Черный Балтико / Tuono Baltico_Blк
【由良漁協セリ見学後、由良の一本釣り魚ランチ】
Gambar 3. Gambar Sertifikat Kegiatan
•••
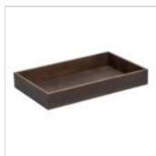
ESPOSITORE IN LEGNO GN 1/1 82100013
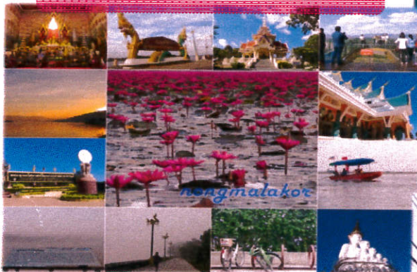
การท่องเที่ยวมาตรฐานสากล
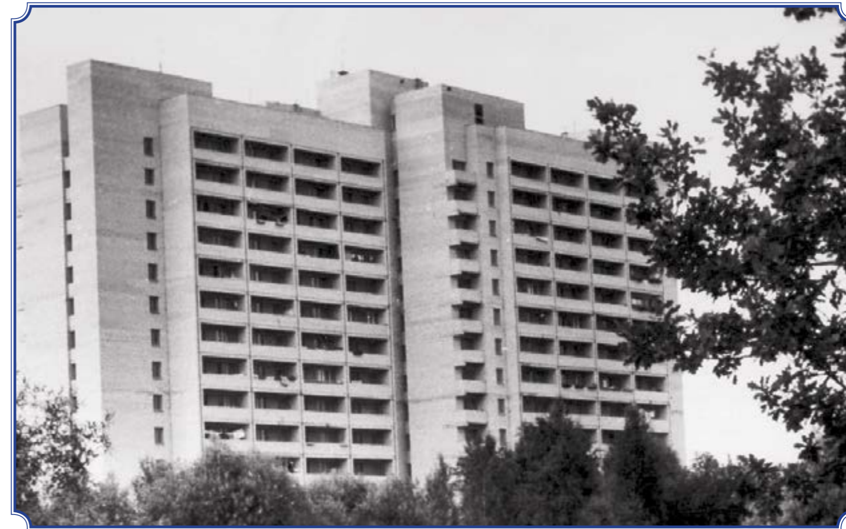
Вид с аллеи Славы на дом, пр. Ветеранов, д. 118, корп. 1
•••
Goal of the exercise:
What you give back should be only the lines of the records above, starting at the line with "Черный Балтико / Tuono Baltico_Blк" and ending at the line with "Gambar 3. Gambar Sertifikat Kegiatan", restated word for word.

Answer section:
Черный Балтико / Tuono Baltico_Blк
【由良漁協セリ見学後、由良の一本釣り魚ランチ】
Gambar 3. Gambar Sertifikat Kegiatan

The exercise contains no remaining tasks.